血を分けた兄弟すらかつ注意が必要である。いわんや友人、知人、同僚をや、である。
 
何度も口を酸っぱくして言うが、いつも日本を批判するつもりで言っているわけではない。ただ、海外で生活をしてみて、その違いを述べただけなのである。しかし、受け手に誤解される危険性がある以上、この手の話題には注意すべきであろう。
 
しかし、何も出羽の守に限らず、相手に合わせて話題を振るというのは当然のことである。例えば、高校生にビジネスの話をしても、あまり興味を持たれないだろうし、大学生が社会人から「若者は苦労を買ってでもすべき」などの有り難い話を聞かされてもウンザリするだけだ。
 
そもそも、人に合わせて話題を振るという行為、それは、全く当たり前のことで日常的なことである。意識/無意識の違いはあるにせよに多くの人が気にかけていることであろう。
 
しかし、最後に疑問が残る。
 
それでは、人に合わせて会話を日常的に選んでいるにもかかわらず、なぜ、出羽の守のように海外事例を場違いに披露してしまうのだろうか。
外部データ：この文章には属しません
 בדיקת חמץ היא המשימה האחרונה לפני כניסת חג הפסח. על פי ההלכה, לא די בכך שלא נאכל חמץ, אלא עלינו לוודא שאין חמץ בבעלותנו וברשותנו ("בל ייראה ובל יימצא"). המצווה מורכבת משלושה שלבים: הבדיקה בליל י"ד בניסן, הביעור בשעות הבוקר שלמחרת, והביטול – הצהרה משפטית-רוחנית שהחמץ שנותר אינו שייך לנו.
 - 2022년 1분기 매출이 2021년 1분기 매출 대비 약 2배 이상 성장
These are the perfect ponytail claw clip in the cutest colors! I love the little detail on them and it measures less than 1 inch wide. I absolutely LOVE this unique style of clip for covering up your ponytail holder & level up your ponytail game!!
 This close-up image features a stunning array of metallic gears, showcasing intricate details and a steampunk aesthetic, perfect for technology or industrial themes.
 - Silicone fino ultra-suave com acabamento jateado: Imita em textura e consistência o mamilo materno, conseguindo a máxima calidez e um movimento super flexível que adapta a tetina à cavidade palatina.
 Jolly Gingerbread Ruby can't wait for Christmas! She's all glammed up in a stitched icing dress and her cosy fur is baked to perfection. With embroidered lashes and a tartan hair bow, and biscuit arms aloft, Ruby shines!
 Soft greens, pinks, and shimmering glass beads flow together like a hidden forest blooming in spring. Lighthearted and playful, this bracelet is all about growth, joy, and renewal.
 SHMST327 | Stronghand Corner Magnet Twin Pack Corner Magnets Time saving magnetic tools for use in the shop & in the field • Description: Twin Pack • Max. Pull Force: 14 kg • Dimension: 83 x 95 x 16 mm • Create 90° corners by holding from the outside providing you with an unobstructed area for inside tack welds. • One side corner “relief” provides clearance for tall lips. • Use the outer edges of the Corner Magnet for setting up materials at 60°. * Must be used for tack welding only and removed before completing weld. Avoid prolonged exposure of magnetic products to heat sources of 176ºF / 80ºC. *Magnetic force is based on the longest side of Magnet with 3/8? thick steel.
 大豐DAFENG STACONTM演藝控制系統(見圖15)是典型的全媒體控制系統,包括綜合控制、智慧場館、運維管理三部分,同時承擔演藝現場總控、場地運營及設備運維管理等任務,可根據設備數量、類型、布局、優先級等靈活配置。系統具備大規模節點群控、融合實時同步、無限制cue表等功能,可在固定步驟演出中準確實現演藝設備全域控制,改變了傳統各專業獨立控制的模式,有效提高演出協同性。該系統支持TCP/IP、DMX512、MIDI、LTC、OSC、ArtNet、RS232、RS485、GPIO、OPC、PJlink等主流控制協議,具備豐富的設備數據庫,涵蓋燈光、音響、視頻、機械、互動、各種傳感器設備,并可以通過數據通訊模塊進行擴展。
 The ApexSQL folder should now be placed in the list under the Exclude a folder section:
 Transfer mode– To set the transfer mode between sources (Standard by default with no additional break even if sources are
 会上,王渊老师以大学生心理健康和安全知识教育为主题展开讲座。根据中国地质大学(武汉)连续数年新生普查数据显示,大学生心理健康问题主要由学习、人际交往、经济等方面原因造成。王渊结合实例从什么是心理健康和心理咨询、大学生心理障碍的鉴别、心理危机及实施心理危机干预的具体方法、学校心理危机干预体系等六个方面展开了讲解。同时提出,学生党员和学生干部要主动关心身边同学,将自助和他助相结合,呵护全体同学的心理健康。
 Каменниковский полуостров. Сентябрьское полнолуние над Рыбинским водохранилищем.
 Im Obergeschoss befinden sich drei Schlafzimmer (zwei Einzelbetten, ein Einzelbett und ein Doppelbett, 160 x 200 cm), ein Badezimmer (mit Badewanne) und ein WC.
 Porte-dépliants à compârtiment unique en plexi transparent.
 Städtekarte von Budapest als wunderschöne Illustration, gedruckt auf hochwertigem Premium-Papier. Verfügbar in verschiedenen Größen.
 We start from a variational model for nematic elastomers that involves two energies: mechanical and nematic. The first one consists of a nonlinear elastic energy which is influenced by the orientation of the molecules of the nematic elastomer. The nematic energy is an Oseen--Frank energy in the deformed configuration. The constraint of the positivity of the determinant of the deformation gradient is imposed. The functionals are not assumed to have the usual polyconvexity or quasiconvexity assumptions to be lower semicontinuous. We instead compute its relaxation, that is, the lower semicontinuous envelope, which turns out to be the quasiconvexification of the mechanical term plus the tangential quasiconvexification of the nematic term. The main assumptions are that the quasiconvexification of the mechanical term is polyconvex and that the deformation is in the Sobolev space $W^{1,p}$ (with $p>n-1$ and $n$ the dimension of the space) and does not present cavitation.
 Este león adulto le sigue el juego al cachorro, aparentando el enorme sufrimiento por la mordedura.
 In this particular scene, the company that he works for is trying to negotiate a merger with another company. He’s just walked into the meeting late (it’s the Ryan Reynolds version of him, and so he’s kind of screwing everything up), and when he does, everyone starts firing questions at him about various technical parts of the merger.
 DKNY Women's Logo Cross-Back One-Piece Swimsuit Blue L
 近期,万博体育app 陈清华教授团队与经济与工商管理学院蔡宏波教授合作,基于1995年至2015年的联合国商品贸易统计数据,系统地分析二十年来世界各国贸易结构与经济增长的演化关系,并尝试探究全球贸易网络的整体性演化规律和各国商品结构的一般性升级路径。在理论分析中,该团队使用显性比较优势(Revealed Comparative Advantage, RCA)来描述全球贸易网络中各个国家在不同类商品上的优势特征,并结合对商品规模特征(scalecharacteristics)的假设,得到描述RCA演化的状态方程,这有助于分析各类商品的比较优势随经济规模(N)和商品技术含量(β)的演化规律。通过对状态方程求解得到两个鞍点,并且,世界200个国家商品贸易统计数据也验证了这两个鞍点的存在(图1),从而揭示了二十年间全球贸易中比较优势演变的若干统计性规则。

あまりにも非論理的な結末でなかろうか。
 
私の答えの一つは、これである。
 
それは、当人にとって、いかに海外での生活が刺激的で、日本で暮らしているだけでは得られないもの得ていることを意味すのではないか。そして、海外生活によって、壊された自身の既成概念を誰かに語りたいだけなのかもしれない。
 
なぜならば、自分が感銘を受けた本を他者に紹介するがごとく、他者にも感動を味わって、共有してもらいたいからである。
 
しかしながら、感銘を受けた本の紹介と同じように、実際にその本を手に取って、共に感動を分かち合うことがほとんどないのと同様に、海外経験を披露しても、海外とは無縁の人と理解を深めるのは困難である。
 
 
 ※1 ドイツ語でArbeitsunfähigkeitsbescheinigungと呼ばれる。